What the exercise asks
Leave the pictures out and write out exactly the lines from the top of the entries through the line containing "Videos posted on".

Records for this task
════
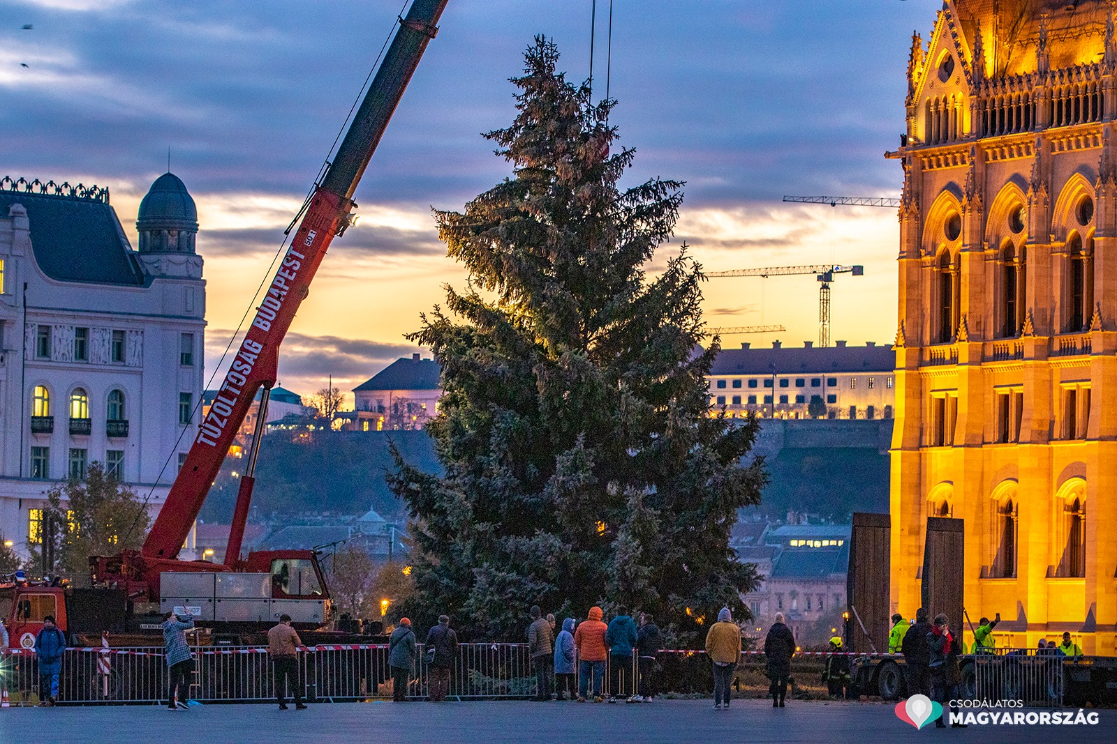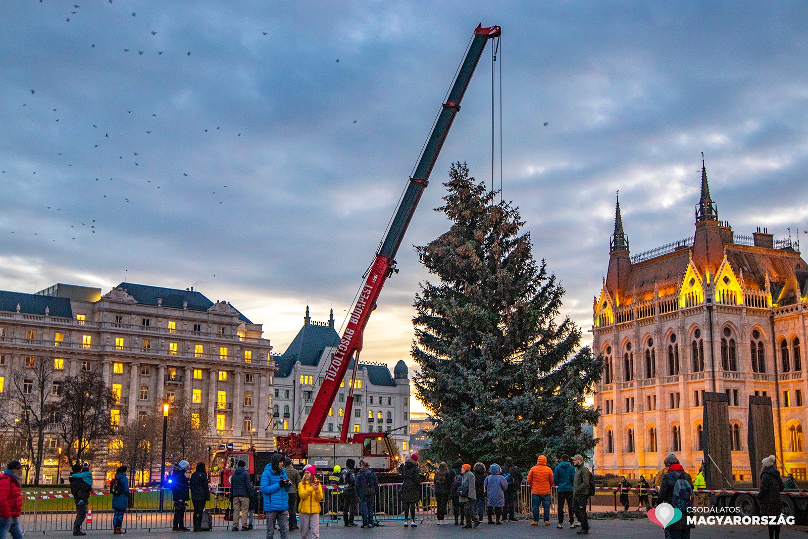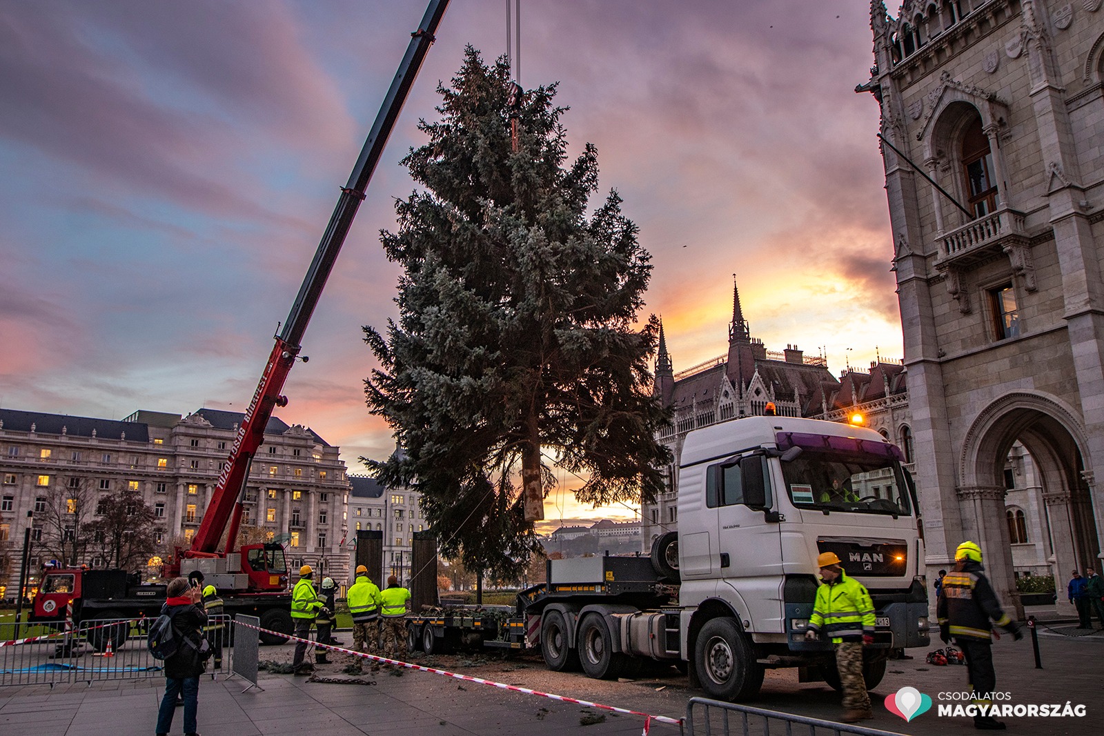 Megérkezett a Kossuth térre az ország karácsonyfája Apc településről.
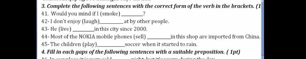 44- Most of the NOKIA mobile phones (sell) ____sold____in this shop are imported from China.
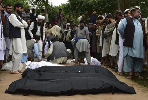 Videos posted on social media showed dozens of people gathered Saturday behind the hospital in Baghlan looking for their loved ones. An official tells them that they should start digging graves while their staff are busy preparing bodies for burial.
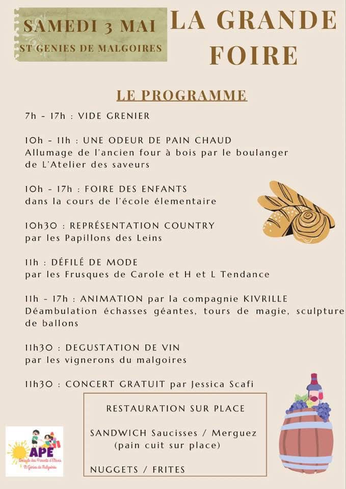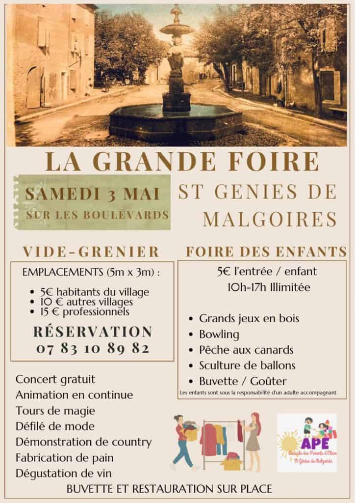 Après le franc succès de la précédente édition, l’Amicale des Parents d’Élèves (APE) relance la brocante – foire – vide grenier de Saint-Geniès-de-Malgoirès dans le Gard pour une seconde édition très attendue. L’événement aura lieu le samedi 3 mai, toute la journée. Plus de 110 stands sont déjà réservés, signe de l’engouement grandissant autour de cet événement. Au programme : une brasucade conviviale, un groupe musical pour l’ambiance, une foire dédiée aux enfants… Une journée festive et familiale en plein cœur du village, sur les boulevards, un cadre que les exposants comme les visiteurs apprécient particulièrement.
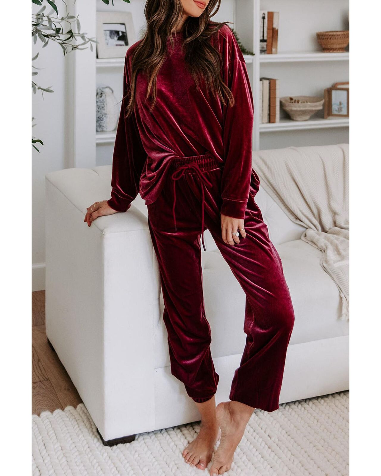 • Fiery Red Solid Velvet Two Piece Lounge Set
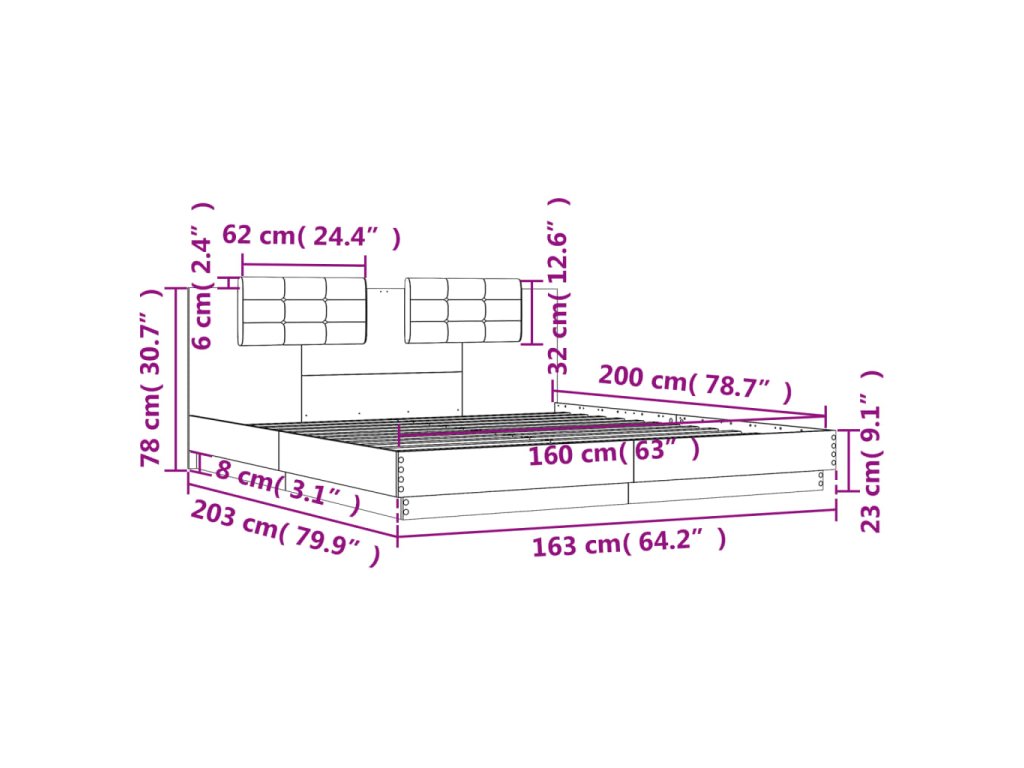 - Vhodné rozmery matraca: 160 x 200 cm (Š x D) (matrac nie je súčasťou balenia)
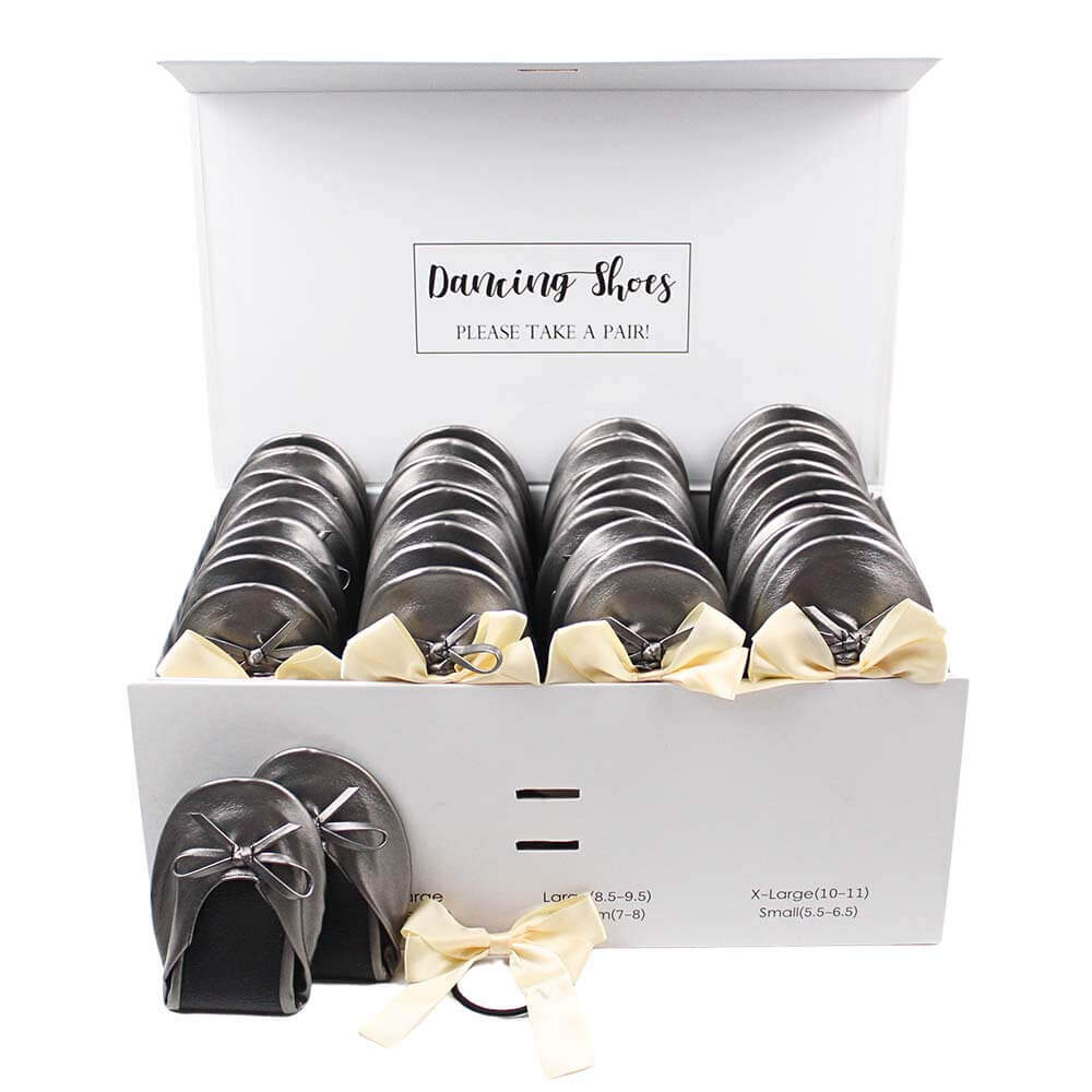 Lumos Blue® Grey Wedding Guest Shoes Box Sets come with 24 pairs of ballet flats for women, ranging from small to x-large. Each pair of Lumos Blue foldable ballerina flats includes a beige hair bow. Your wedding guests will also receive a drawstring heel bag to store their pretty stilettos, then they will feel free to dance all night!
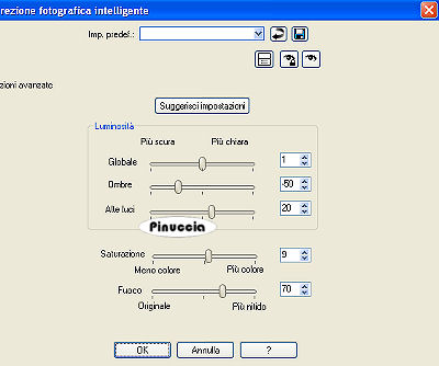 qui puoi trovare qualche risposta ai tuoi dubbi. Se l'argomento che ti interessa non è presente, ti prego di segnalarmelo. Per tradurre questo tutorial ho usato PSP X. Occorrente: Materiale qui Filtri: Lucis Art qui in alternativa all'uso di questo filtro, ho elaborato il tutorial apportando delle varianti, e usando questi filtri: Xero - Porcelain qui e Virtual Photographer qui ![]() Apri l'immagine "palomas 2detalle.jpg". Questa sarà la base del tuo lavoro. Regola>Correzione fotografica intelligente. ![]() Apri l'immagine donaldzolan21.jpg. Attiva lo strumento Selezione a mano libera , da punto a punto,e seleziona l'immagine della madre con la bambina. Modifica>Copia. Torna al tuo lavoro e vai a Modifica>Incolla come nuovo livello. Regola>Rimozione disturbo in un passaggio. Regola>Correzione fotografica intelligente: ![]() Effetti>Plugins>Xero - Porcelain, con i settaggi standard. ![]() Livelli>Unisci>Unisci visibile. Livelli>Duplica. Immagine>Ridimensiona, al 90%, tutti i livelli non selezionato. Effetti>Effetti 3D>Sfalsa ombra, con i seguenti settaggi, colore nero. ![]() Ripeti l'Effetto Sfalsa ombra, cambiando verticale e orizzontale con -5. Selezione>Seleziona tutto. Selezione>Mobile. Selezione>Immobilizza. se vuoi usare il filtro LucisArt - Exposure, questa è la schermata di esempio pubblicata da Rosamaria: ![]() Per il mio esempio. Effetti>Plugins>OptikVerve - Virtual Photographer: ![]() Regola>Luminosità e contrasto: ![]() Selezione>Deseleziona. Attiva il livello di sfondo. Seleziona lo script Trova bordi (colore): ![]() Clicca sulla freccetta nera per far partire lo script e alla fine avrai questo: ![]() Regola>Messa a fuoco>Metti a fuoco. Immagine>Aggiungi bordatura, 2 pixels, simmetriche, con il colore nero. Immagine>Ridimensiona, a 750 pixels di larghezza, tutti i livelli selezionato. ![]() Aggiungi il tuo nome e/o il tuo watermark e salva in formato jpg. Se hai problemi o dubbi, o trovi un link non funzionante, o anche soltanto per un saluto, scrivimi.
════
Written reply
 Megérkezett a Kossuth térre az ország karácsonyfája Apc településről.
 44- Most of the NOKIA mobile phones (sell) ____sold____in this shop are imported from China.
 Videos posted on social media showed dozens of people gathered Saturday behind the hospital in Baghlan looking for their loved ones. An official tells them that they should start digging graves while their staff are busy preparing bodies for burial.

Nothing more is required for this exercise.